Он даже начал писать пьесу, но скоро бросил. Не получалась пьеса, хотя отдельные сценки казались удачными.
А во Владикавказ, где осталась его любимая, Мария Маркус, он часто посылал длинные письма, в которых ободрял ее и рассказывал о ходе своего «дела». Он понимал, как трудно ей сейчас.
Судили его в марте, на восьмой месяц после ареста. Шел уже 1912 год. В России начинался новый революционный подъем.

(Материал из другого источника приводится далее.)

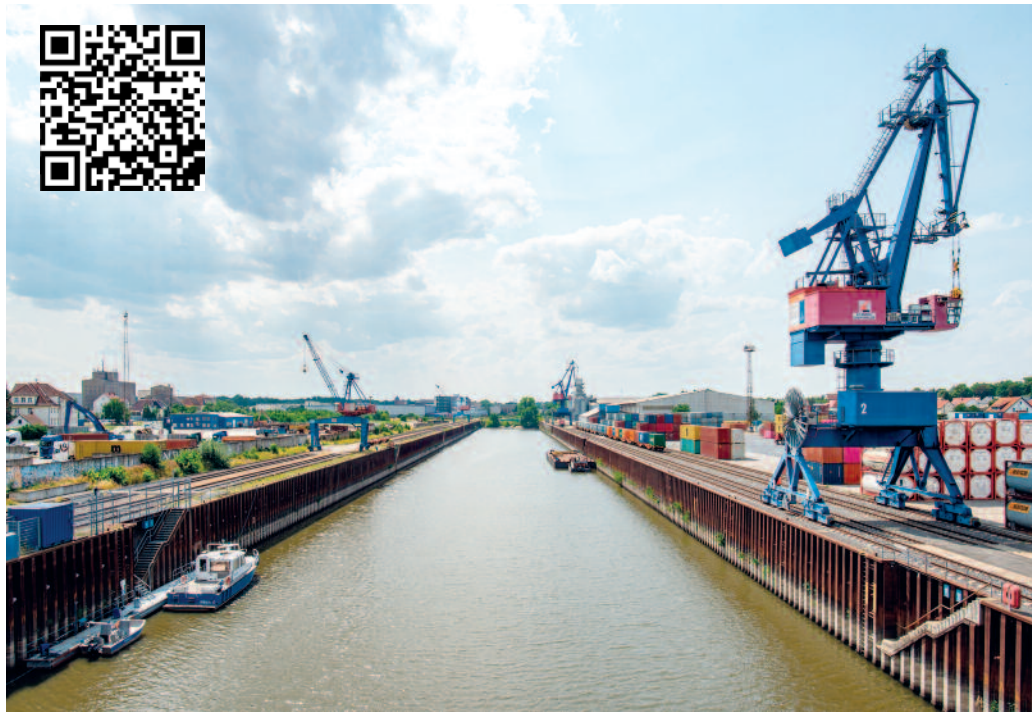
Auch im Hafen in Gröba lässt sich Interessantes entdecken.

Суд был с. участием и присяжных, и те не поверили, что развитой, культурный человек, стоящий перед ними, может иметь что-то общее с тем неотесанным рабочим парнем, которого когда-то задержали во дворе домика на Аполлинариевской улице. Да и кто знает, что за типография была под домиком? Может, ее устроили фальшивомонетчики? И вот в весенний, хотя еще по-сибирски снежный день он очутился на улице, без гроша в кармане, но с драгоценным документом, что по суду начисто оправдан!

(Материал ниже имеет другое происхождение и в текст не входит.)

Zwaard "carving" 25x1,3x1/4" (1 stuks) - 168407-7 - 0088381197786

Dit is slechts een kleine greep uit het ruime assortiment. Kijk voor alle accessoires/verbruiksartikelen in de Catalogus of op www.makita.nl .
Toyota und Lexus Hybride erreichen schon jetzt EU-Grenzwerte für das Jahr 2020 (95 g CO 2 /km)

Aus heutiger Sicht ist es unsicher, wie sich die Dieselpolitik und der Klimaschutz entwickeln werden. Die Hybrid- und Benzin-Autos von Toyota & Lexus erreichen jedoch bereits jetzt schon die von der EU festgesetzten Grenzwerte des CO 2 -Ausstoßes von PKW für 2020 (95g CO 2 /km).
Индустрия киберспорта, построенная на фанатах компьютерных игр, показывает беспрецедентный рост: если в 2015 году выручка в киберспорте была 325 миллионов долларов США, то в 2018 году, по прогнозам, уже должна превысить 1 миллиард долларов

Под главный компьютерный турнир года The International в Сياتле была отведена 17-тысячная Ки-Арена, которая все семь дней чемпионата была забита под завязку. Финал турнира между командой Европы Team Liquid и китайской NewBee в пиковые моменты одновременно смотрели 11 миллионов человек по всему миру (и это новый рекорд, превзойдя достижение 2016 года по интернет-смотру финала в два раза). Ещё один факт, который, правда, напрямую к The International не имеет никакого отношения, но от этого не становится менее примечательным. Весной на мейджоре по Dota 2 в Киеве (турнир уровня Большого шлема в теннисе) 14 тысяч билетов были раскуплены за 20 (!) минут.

Пришлось на полученные в канцелярии суда казенные гроши дать во Владикавказ на имя Назарова телеграмму: «Вышлите денег на обратную дорогу, я со щитом!» Это означало — возвращаюсь с победой.
Как обрадовались друзья и сослуживцы, когда он вернулся во Владикавказ и снова приступил к своим обязанностям по редакции! В первый же день зашел к наборщикам, потом поговорил с печатниками. Заглянул, разумеется, и в контору, где, тихая и радостная, сидела за своей постоянной работой Мария. Все осмотрел, со всеми перездоровался, потом, сидя в большой редакционной комнате, рассказывал о Томске, о своих мытарствах, о том, как прошел суд. Всей правды, конечно, не говорил. Лишь метранпаж Турыгин и кое-кто из наборщиков были связаны с подпольем, все остальные, как и Назаров, полагали, что Сергей Миронович «не тот», и считали естественным его освобождение из тюрьмы.
— Ткнули пальцем в небо, идиоты! Боже, какая у нас глупая полиция! — возмущалась мадам Назарова. — Смешно просто! Спутать какого-то неотесанного ремонтника в лаптях с порядочным молодым человеком! Право, за это стоило бы продернуть кого следует в очередной передовице!
— Давайте продернем, — хитро прищурился Сергей Миронович. — Сейчас же засяду за передовую. Лягнем департамент полиции, прокуратуру, суд.
Назарова тут же опомнилась.
— С вашей стороны это было бы весьма по-рыцарски, — сказала она уже с досадой. — Но лучше вам быть поосторожней и вообще избегать сейчас браться за передовицы. Хоть какое-то время дайте полиции забыть о вас. Не дразните гусей. Может быть, вам бы даже следовало на время переменить фамилию.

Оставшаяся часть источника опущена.